以后,不管你是安言也好,乔安也罢,只要你这颗心还在,无论你变成谁,做些什么事,我的心会永远跟随你,无论天涯海角。
安言,你知道吗,我爱你……
当第一眼看到你时,这份情愫就已经深埋在我心中,只是,那时我并不自知而已。我用一种极端愚蠢的方式,将你留在了自己身边,却没想到,这样做只会将你推离的更远,还差点……失去了你!
安言,以后我决不会让你再从身边离开,我会好好守护你,守护你一辈子。
秦暮尧凝视着心爱的女人,缓缓低头,在她额头上印下轻轻的一个吻。
翌日,安言睁开眼,发现自己置身在秦暮尧的卧室里。
她呆呆地看着这熟悉的地方,努力回想昨晚的一切。
她从墓园出来就坐了一辆出租车在街上转了几个小时,然后去了“七夜”酒吧,喝了两杯鸡尾酒就醉了,之后好像被蒋俊送到包厢,然后好像顾以恒也来了,再然后她就不记得了。
按理说,顾以恒应该把她带回家才对,她怎么会跑到秦暮尧这里了。
她什么时候学会飞天遁地之术,居然大半夜睡到别人的床上来了?还是秦暮尧将她掠了过来?
这个想法简直有些匪夷所思,安言好笑地摇了摇头,刚想起身,却觉得脑袋隐隐作痛。这时,房门被缓缓推开。
安言看过去,就见秦暮尧站在门口,手里端着一个托盘。
“你醒了。

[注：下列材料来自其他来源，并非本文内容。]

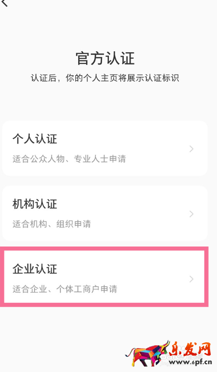 2 然后點(diǎn)擊【官方認(rèn)證】選項(xiàng),接著點(diǎn)擊【企業(yè)認(rèn)證】。
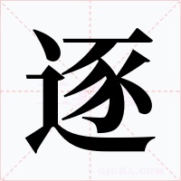 依次,按顺序〖onebyone;inorder〗。如:逐步;逐个;逐年;逐日;逐一(一个一个地,逐个);逐句(按句子次序,一句一句地);逐字(一字一字地)
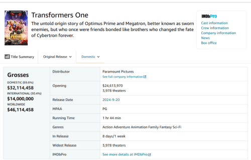 据IMDbPro统计,《变形金刚:起源》从20号开始铺开至北美3978家影院,首日曾以956万美元登顶榜首,带动大盘环比上涨逾三倍。但接下来的走势偏弱,首周末报收于2461万美元,单馆收益为6187美元,不敌《怪奇大法师》屈居亚军。
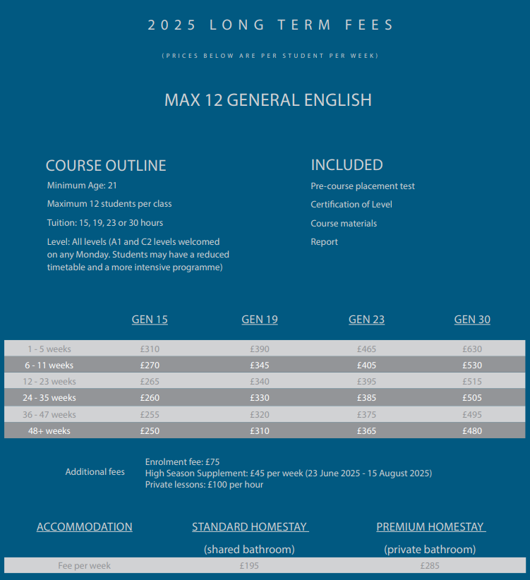 General English: เรียน 15 - 30 hours / week รับอายุ 21 ปีขึ้นไป
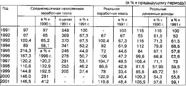Все это позволило повысить темпы экономического роста на 8,3% в 2000 г. и 5% в 2001 г. увеличить реальную заработную плату на 20,9 и 19,8% в 2000 и 2001 гг. За эти годы объем производства промышленности и сельского хозяйства вырос соответственно на 17,4 и 13,4%. Но все же, по данным Госкомстата, объем производства в 1999 г. и 2001 г. по сравнению с 1990 г. составил соответственно 49 и 57,6% в промышленности, 58,3 и 66,1% — в сельском хозяйстве. Реальные денежные доходы к 2000 г. сократились на 50,28%, т.е. стали меньше более чем в 2 раза по сравнению с 1990 г. В целом за 2000-2001 гг. их удалось поднять на 15,7%, но по сравнению с 1990 г. их величина составила всего лишь 57,6%. Среднемесячная начисленная заработная плата за 1990-1999 гг. возросла в 4 раза, за следующие два года — еще в 2 раза. Но среднемесячная начисленная заработная плата в ценах 1991 г. сократилась почти в 3 раза, достигнув 34,7% уровня 1991 г. Если сравнивать динамику начисленной и реальной заработной платы, то положение будет еще хуже. Так, среднемесячная начисленная заработная плата (в ценах 1991 г.) за период с 1991 по 1999 г. снизилась на 62,6% и составила 37,4% уровня 1991 г. Реальная заработная плата за этот же период уменьшилась на 66,6%, она составила 33,4% уровня 1991 г. - на 4% меньше по сравнению с номинальной заработной платой (табл. 4). Разница между динамикой реальной заработной платы и реальных денежных доходов к 1999 г. и 2001 г. оставила соответственно 17,6 и 10,7% общего уровня доходов 1991 г.
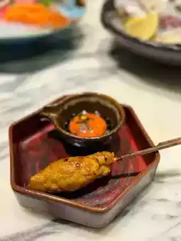 The chicken cartilage sticks are grilled to a lightly charred exterior and fragrant. The sauce is just the right amount of sweet and salty, and the crispy cartilage is a delicious treat. 🤤 Dipping them in a raw egg makes them even more slippery. 🍳
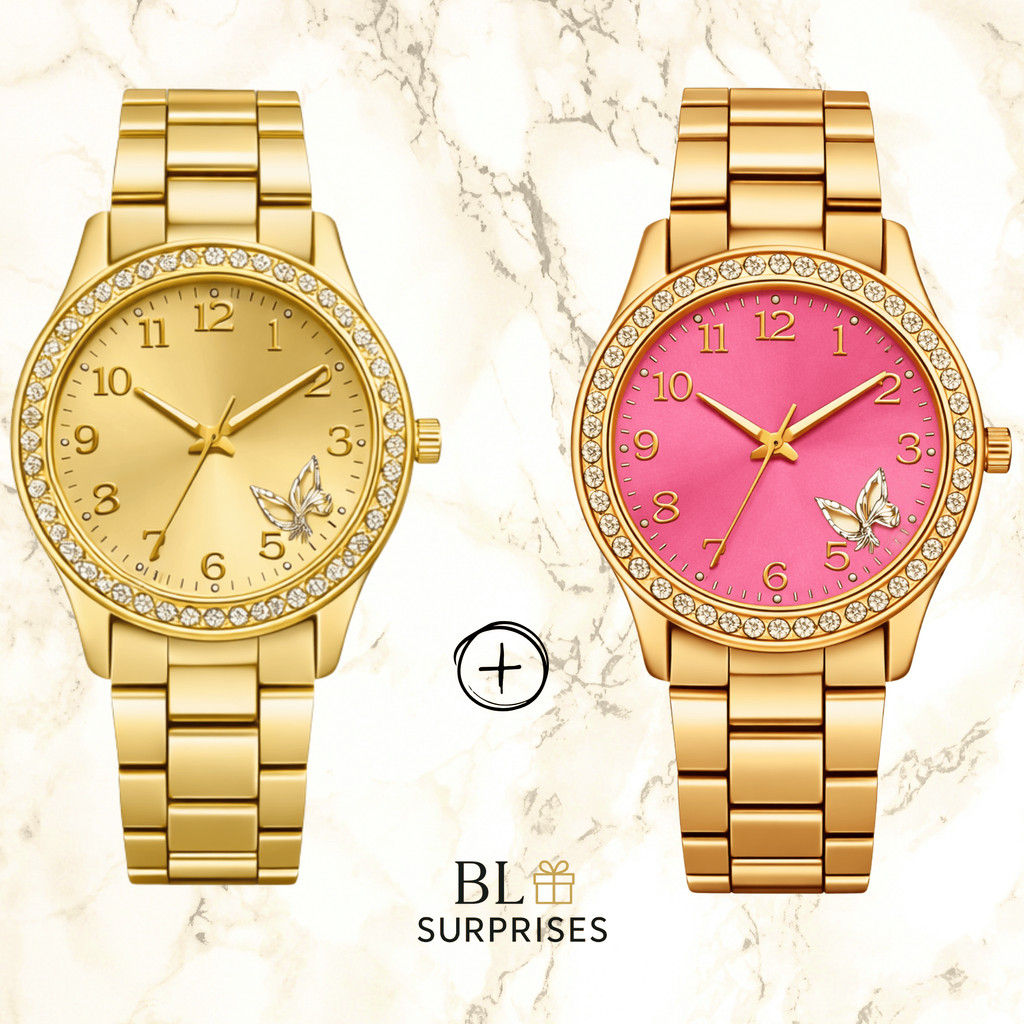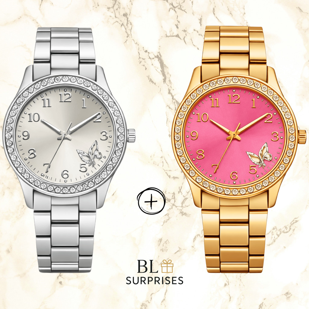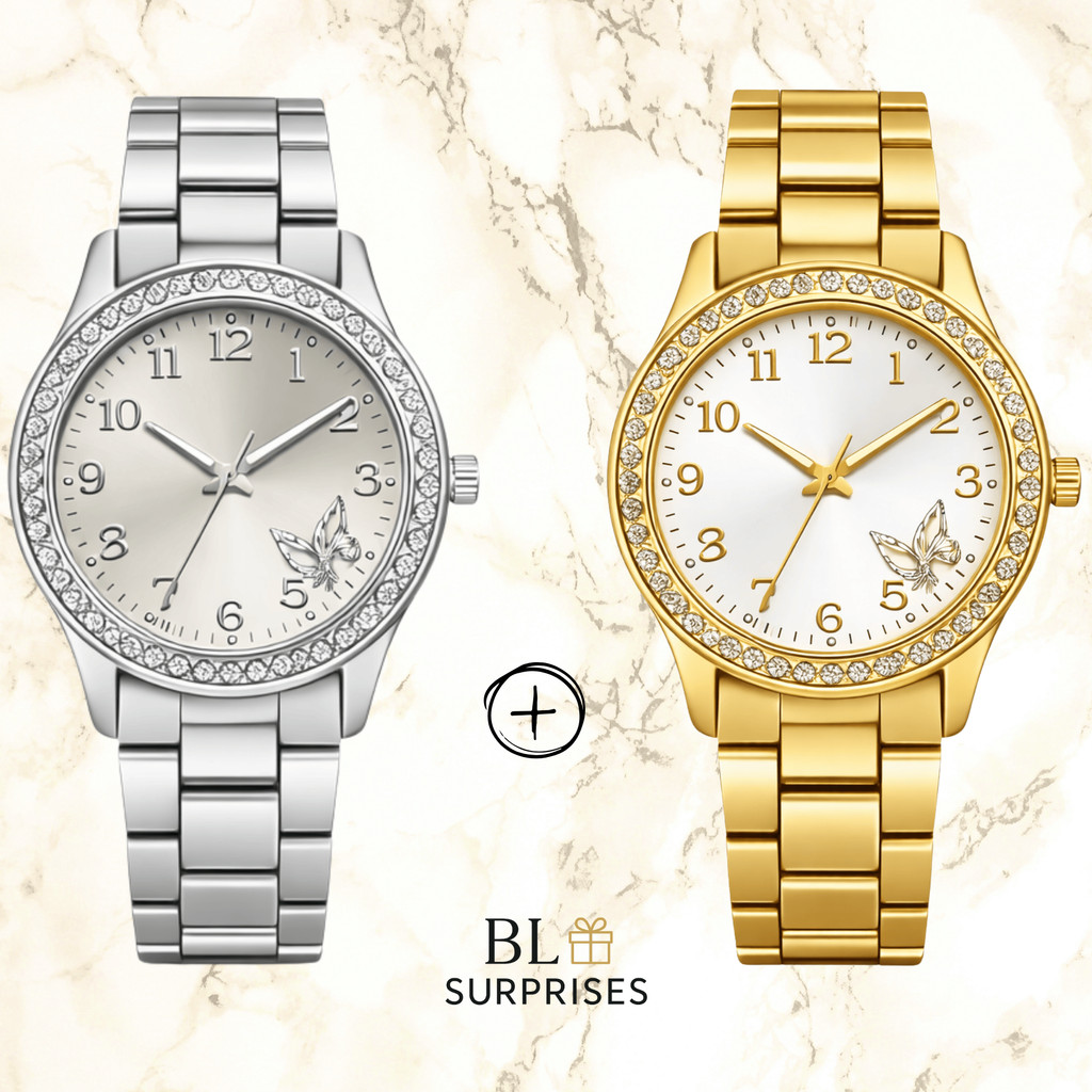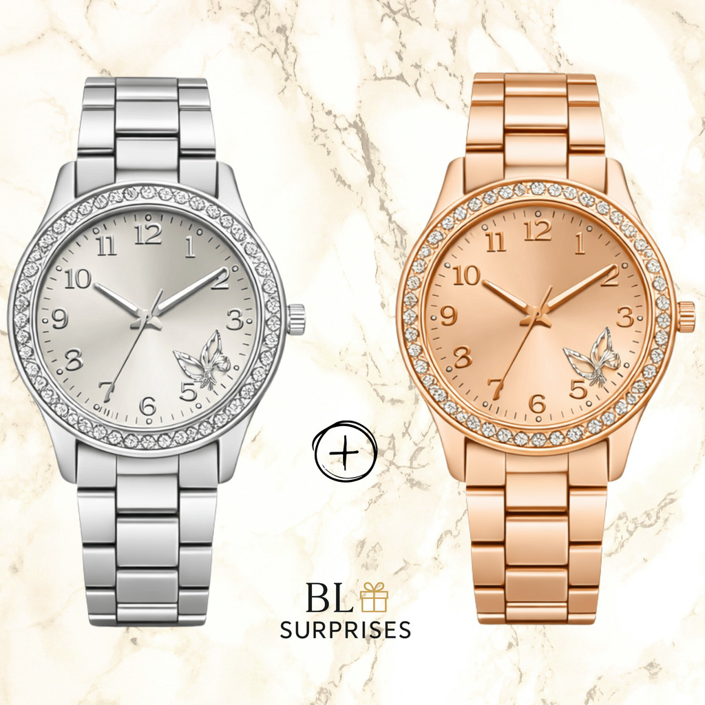 2 Relógios Femininos, Prata, Rose e Dourado Banhado a Ouro 18K Quartzo em Aço Inoxidável.

”秦暮尧边说边走了过来,把手里的托盘放在床头柜上。
安言低垂着目光,脸上的神色有些冷淡。
其实早在对方出现在门口时,她就已经低下了头。
此时她不仅不想看到这个男人,就连听到这个名字,心里都极不喜。
她是喝醉了酒,也忘记了喝醉后发生的一些事情,可是,她并没有忘记喝酒之前她都干了什么,见了什么人,听到了怎样的话。
如今站在她面前的男人,就是逼死她父亲的罪魁祸首之一,虽然不是元凶,可犯下的罪孽也不少。
在很早之前,她其实已有心理准备要面对这些,可那时她绝没有想到会有此刻的局面。
她从未想过有一天,会爱上自己的仇敌。
秦暮尧一脸温柔地看着小女人乱糟糟的头发,忍着笑意说道:“来,喝了这碗粥吧!”
安言没有抬头,心里却在恼恨自己。
为什么对方随口一句话,她整颗心却狂跳不已?
她是疯了吗?难道要继续这么沉沦下去?
不,她不能,这是她的仇人,他现在对她所做的一切,不过是因为对她有兴趣,想把她当做一个玩物罢了。
她慢慢握紧了拳头,努力克制着激荡的心情,慢慢抬起头来。